Demikian pula bumi yang terletak 93.000.000.000 mil dari matahari berputar pada
porosnya dengan kecepatan seribu mil per jam dan menempuh garis edarnya
sepanjang 190.000.000 mil setiap setahun sekali. Di samping bumi terdapat gugus
sembilan planet tata surya, termasuk bumi, yang mengelilingi matahari dengan
kecepatan luar biasa.
Matahari tidak berhenti pada suatu tempat tertentu,
tetapi ia beredar bersama-sama dengan planet-planet dan asteroid mengelilingi
garis edarnya dengan kecepatan 600.000 mil per jam. Di samping itu masih ada
ribuan sistem selain “sistem tata surya” kita dan setiap sistem mempunyai
kumpulan atau galaxy sendiri-sendiri. Galaxy-galaxy tersebut juga beredar pada
garis edarnya. Galaxy dimana terletak sistem matahari kita, beredar pada
sumbunya dan menyelesaikan edarannya sekali dalam 200.000.000 tahun cahaya.

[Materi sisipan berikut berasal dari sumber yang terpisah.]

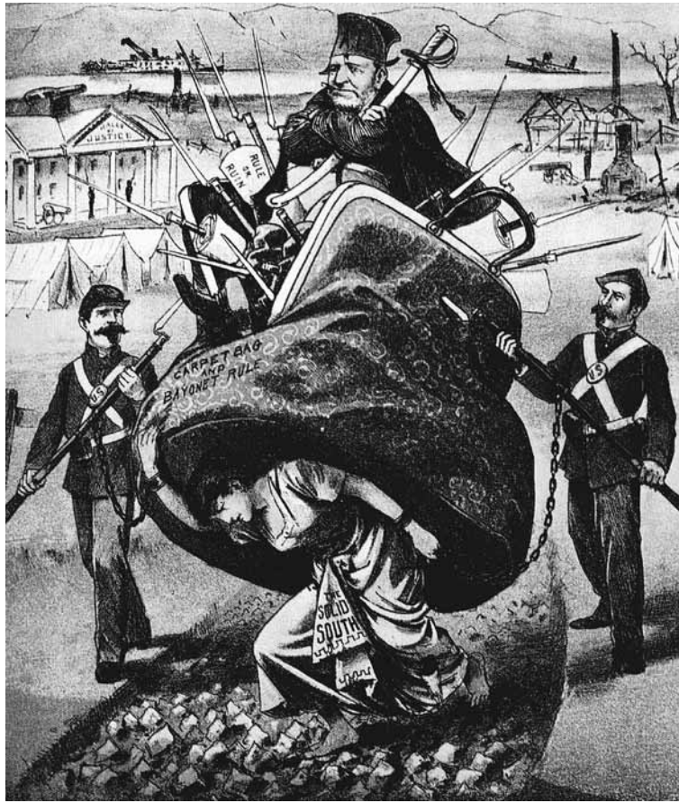
A cartoon published in 1880. The person sitting in the carpetbag is ex-President Grant, who was being considered by the Republicans as a Presidential candidate for the 1880 Presidential election.

Logika manusia dengan memperhatikan sistem yang luar
biasa dan organisasi yang teliti, akan berkesimpulan bahwa mustahil semuanya
ini terjadi dengan sendirinya, bahkan akan menyimpulkan bahwa di balik semuanya
itu ada kekuatan maha besar yang membuat dan mengendalikan sistem yang luar
biasa tersebut, kekuatan maha besar tersebut adalah Tuhan.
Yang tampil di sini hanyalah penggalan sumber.